(Reuters) -A Connecticut judge on Wednesday held conspiracy theorist Alex Jones in contempt and fined him $25,000 a day until he sits for a deposition in a defamation lawsuit filed by relatives of the victims of the 2012 Sandy Hook school shooting.
Jones, founder of the right-wing Infowars website who claimed the shooting was a hoax, failed to comply with court orders to appear at a deposition on March 23 and 24, Connecticut Superior Court Judge Barbara Bellis said during an online hearing.

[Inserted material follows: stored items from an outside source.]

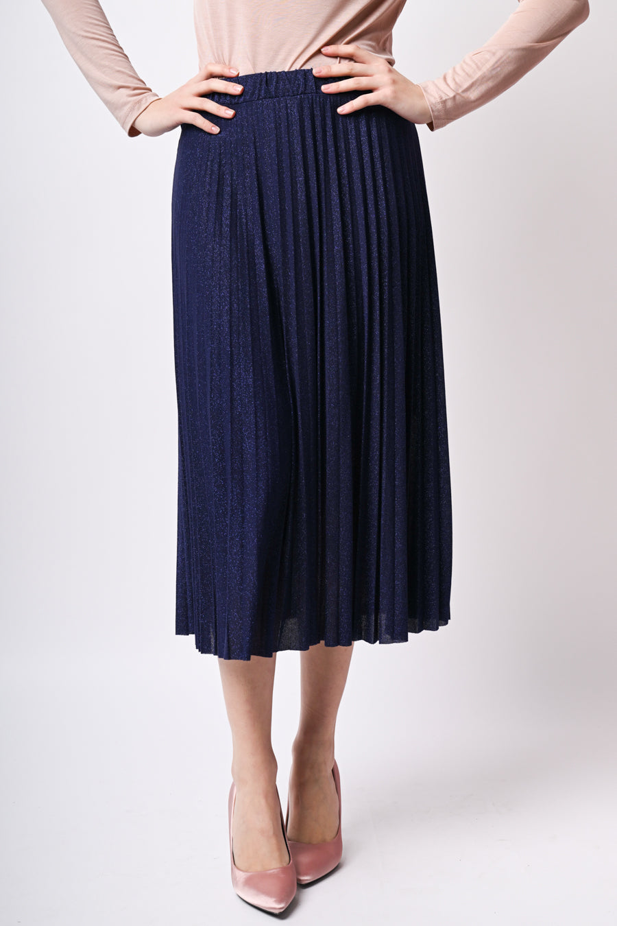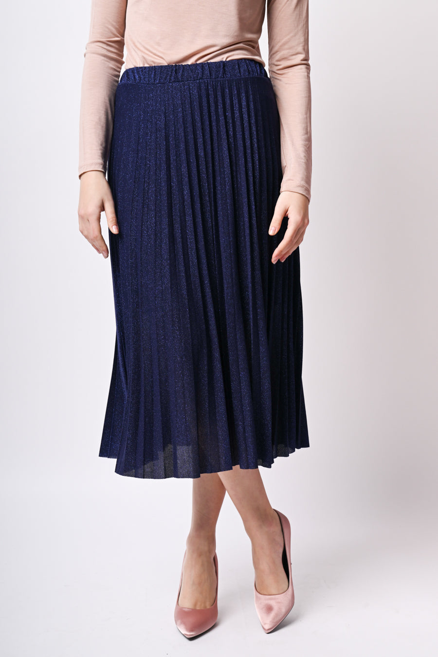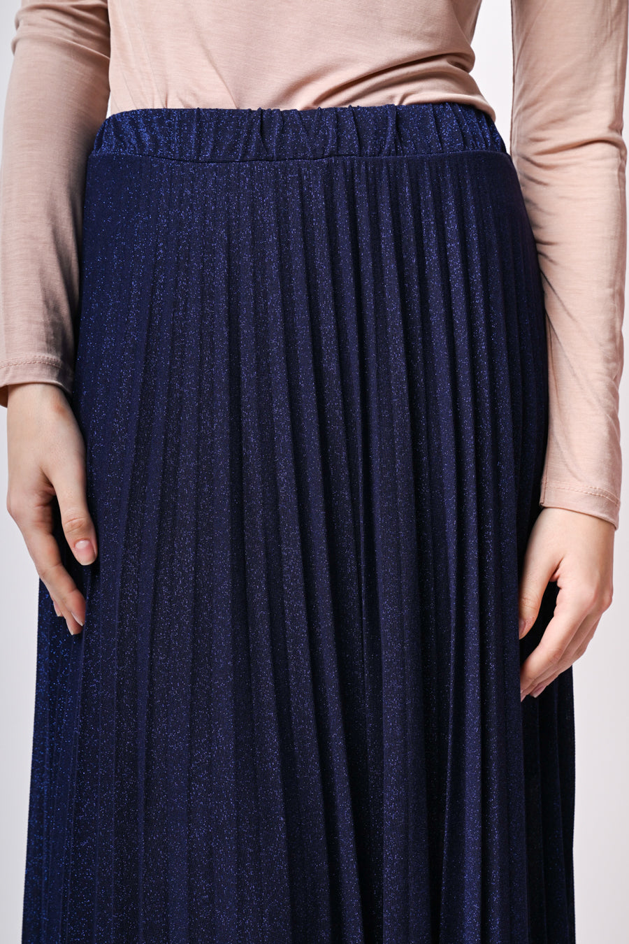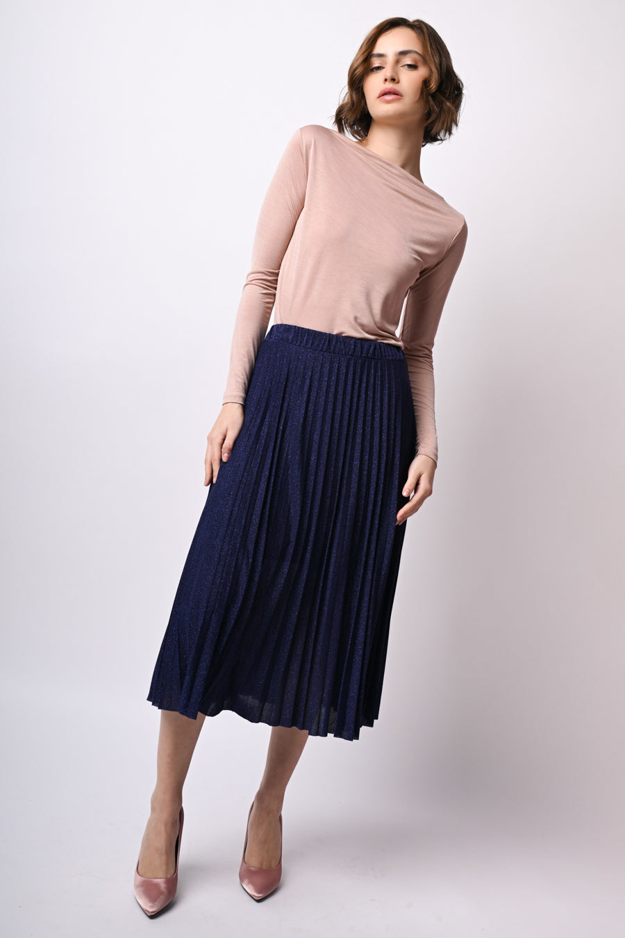 Gonna midi in jersey plissé misto viscosa lurex blu con vita elasticizzata.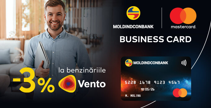 Cu Business Card de la Moldindconbank, beneficiezi de o REDUCERE de 3% în rețeaua de benzinării Vento!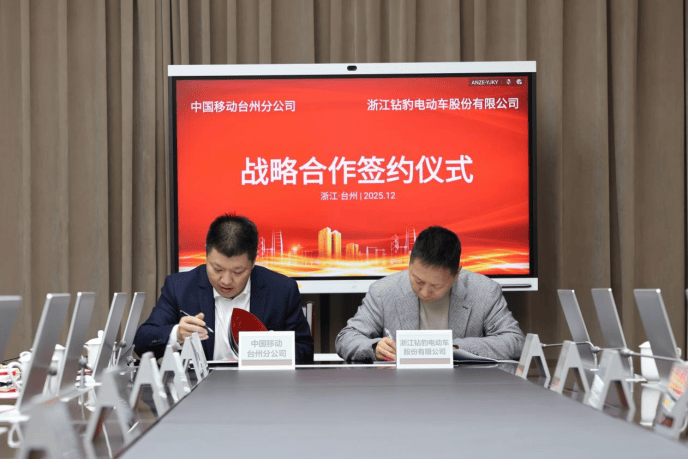 12月16日,浙江鉆豹電動車股份有限公司與中國移動臺州分公司正式簽署戰略合作協議。通信科技巨頭與電動車豪強企業的強強聯合,共同錨定電動兩輪車產業的智能化未來,開啟了“制造”與“智造”深度融合的新篇章。

His lawyers had sought to explain his absence by claiming that “Jones was remaining at home under his doctor’s supervision when, in fact, he was working at his studios and broadcasting his show,” Bellis said, referring to a podcast produced by Jones.
She set an April 15 deadline for Jones to complete a two-day deposition, a goal that would “purge” the contempt ruling. Starting April 1, the court would assess a fine of $25,000 each weekday until he sits for the deposition, the judge ruled.
“Alex Jones willfully and in bad faith violated without justification several clear court orders requiring his attendance at his depositions,” the judge said.
The defamation suit has already been decided in favor of the families of the shooting victims, with the judge saying in November that Jones defaulted by failing to provide documents and is responsible for damages to the plaintiffs.
The online hearing on Wednesday took place a day after Sandy Hook families rejected an offer by Jones to pay $120,000 to each of the 13 plaintiffs to settle the lawsuit.
The plaintiffs are suing Jones in response to his claims that the shooting, which left 20 children and six school employees dead, never happened. He had claimed the incident at the Sandy Hook Elementary School in Newtown, Connecticut, was fabricated by gun-control advocates and mainstream media.
In response, several parents sued Jones and Infowars, as well as its parent company, for defamation in both Austin, Texas and in Waterbury, Connecticut. Infowars is based in Texas.
According to court records, his rejected offer to the plaintiffs included a statement that read in part: “Mr. Jones extends his heartfelt apology for any distress his remarks caused.”
Each of the plaintiffs immediately turned down the offer, saying it was “a transparent and desperate attempt by Alex Jones to escape a public reckoning under oath with his deceitful, profit-driven campaign against the plaintiffs and the memory of their loved ones lost at Sandy Hook.”